# Do you prefer Modern or Classic and why?



## MiniHunterHorseFan (Nov 10, 2007)

I've never had a Shetland, except the pony I had when I was 5. Which do you prefer, Modern and Classic. And what makes the difference? And can you get a Modern under 38in so it can be an AMHR over?


----------



## Leeana (Nov 10, 2007)

Hello,

Yes there have been moderns under 38'', actually i believe Michigans Heart Breaker was ASPC/AMHR registerd and he is a modern. I know their have been more as well.

I prefer the classics




. I would suggest someone looking to start with the shetlands start with the classics, then watch the moderns and if you really have your heart set on the moderns then go for it. I think it would be much easier to go from minis to classics, rather then go from minis to moderns lol. It takes ALLOT of money to keep a modern shod, then agian, you could also look into the modern pleasure division as all the fancy plates, shoes ext are not required nor weights ext. I LOVE the moderns, nothing is more beautiful then a modern fine harness horse, i drool watching those classes! I like allot of action and allot of refinement and tude' so the shetland pony is right up my ally



. I am sure someday i'll get a modern just for fun, for now the classics will take care of my addiction



.

I've been doing the shetlands for only two years and i have seen every class and all the behind the scenes work ext and i just do not feel ready to show a modern at the moment. Thats a little ways off still for Leeana ...

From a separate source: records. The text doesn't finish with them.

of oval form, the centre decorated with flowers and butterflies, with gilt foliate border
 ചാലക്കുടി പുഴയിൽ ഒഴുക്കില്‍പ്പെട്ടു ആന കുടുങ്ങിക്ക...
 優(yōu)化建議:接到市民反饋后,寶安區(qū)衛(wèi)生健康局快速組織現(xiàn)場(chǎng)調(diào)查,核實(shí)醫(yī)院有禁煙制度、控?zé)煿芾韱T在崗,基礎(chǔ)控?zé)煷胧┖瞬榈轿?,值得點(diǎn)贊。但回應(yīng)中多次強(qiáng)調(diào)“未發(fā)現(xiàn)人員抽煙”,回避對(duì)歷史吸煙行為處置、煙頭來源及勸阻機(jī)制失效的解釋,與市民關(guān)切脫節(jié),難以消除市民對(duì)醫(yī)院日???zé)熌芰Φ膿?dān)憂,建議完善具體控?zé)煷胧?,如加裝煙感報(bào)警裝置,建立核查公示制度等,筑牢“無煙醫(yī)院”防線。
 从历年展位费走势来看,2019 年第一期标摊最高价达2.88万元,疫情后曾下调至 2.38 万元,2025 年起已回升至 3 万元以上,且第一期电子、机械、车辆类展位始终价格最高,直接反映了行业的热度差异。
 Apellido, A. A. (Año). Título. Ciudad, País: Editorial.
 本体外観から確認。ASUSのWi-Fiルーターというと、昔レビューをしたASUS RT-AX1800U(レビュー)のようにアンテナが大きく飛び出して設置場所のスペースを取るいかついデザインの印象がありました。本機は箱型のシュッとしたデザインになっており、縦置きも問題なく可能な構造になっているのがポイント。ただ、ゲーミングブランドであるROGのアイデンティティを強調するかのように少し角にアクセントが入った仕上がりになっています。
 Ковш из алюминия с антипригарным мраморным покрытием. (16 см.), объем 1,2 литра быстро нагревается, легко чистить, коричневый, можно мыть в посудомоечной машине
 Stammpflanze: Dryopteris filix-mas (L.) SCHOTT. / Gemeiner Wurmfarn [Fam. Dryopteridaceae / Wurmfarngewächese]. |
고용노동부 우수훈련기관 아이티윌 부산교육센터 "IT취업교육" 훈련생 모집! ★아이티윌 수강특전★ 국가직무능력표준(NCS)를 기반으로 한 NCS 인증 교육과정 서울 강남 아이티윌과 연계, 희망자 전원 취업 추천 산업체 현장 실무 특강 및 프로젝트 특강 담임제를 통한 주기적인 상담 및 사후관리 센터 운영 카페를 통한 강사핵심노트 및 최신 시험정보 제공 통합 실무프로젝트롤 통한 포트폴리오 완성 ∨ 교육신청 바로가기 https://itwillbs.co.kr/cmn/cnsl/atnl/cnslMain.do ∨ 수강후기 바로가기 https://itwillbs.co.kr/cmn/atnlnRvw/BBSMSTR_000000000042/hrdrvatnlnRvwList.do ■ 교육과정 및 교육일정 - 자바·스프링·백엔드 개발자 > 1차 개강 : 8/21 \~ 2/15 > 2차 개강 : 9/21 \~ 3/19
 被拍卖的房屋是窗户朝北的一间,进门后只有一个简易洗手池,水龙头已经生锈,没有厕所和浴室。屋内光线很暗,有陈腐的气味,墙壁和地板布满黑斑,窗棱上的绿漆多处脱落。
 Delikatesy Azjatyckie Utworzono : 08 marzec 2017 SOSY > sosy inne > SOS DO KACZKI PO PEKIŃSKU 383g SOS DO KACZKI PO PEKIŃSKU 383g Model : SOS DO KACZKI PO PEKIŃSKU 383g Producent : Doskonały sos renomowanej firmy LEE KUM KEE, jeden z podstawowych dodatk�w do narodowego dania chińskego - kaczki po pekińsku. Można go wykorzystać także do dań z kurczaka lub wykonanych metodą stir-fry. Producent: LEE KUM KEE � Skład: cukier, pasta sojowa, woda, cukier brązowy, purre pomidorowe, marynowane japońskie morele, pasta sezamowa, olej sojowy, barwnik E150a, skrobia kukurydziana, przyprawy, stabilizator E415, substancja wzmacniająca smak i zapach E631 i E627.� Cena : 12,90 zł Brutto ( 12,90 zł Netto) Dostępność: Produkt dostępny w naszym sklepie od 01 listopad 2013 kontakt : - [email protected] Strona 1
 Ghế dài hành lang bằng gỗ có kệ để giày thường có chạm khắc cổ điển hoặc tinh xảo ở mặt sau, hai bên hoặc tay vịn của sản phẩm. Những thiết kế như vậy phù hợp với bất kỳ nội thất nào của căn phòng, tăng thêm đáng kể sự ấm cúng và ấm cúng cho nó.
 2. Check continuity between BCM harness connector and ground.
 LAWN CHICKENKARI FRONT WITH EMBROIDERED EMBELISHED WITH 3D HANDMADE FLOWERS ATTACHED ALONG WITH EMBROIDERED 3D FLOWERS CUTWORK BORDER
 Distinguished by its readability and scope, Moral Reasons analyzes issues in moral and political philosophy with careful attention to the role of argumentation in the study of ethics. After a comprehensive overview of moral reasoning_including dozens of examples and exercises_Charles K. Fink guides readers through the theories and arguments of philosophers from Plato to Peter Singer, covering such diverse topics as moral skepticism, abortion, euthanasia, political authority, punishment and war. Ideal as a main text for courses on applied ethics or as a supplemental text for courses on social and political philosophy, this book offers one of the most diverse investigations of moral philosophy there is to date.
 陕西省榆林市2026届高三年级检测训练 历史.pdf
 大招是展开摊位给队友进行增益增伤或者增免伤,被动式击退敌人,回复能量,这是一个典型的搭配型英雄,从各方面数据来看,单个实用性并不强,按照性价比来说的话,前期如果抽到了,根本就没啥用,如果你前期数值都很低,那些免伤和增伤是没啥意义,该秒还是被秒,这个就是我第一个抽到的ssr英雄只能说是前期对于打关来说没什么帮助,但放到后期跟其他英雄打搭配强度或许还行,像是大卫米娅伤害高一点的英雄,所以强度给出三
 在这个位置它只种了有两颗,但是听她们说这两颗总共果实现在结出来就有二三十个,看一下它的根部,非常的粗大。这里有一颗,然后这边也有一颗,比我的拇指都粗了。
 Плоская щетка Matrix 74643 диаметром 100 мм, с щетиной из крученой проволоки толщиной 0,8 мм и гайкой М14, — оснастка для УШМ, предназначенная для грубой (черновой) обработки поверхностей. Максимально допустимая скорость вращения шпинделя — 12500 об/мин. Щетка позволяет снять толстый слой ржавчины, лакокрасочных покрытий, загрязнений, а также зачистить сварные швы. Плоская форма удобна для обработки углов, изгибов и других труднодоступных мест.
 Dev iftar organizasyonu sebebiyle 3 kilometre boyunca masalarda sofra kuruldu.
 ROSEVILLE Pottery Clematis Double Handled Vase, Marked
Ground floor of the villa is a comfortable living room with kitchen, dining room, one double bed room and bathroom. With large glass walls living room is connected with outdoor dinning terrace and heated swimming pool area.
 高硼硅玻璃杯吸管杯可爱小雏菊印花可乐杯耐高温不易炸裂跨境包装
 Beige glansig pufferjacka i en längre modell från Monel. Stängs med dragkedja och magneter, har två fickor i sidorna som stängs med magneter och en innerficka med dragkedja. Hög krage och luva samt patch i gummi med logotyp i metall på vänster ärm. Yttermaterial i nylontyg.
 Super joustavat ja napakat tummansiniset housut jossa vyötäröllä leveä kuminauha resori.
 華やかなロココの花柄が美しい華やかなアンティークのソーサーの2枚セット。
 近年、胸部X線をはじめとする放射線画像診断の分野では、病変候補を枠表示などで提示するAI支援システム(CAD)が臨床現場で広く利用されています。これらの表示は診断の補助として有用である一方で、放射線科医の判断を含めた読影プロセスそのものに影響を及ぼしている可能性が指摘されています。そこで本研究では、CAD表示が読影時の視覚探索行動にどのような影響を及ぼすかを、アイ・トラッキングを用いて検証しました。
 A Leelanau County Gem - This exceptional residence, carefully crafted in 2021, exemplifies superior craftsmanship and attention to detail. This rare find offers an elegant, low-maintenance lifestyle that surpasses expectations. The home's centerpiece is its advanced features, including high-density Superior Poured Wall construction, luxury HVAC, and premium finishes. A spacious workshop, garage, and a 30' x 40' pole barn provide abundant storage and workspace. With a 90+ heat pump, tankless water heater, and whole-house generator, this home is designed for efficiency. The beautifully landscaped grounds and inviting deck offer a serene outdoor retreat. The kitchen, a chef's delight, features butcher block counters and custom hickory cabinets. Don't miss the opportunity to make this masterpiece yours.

I like the classics, larger classics ALTHOUGH hopefully someday i can try my hand with a modern. The classics are just beautiful and so gracefull and full of spunk. I have a foundation gelding too, however, i like the taller classics.

Here is an example of the 'type' i like, she is a weanling currenly and going to mature around 44'' - 45''. So refine and beautiful, she is a 3/4 sister to Alpha Farms Classical Bobcat and by a King Lee son.

Alpha Farms Magical Melody ASPC Pending AKA Kitty











I have to admit, if i had gotten into shetlands before miniatures ..i prob would have stuck with the shetlands, however it didnt work out that way and the reason i got into the shetlands was because of the miniatures. I love my minis, but the ponies are far more fun imho!


----------



## kaykay (Nov 10, 2007)

I loveeeeeee kitty!! cant wait to see you show her leeanna

I have a modern pleasure and she was our first pony. I love her to death! We have never put shoes or pads on her and she did show well back in her day. But mainly I prefer classics as I am doing miniature horse/shetland pony crosses.

I just dont have it in me to do the shoes etc that it takes for a modern pony.

The classics are just so smart and fun to train


----------



## mininik (Nov 10, 2007)

I had Miniatures before getting my Shetland, and voted here for Classics. My pony, BG, is a Classic and I think he's wonderful. If I can at some point I would love to get a Modern, too...


----------



## ponyarab (Nov 10, 2007)

I too love the classics as they are my favorite and I like the taller ones. I like to watch the moderns but have no desire to own one.

Kim


----------



## disneyhorse (Nov 10, 2007)

I voted for Modern. I have three of them and I just LOVE them. They are the horse I've always aspired to own.

That said, you can't deny the beauty and kindness of the Classic. The Classic American Shetland is a beautiful pony and I am just AMAZED at the consistency of quality at Congress. They ALL are amazingly correct with wonderful toplines, upright hooky necks, and beautiful little heads. To pick the champion it seems truly comes down to the nuances of type and conformation. AND they move beautifully, too. Coming from the minis, where conformation and movement runs a huge range... I just appreciate how truly consistent in quality they are.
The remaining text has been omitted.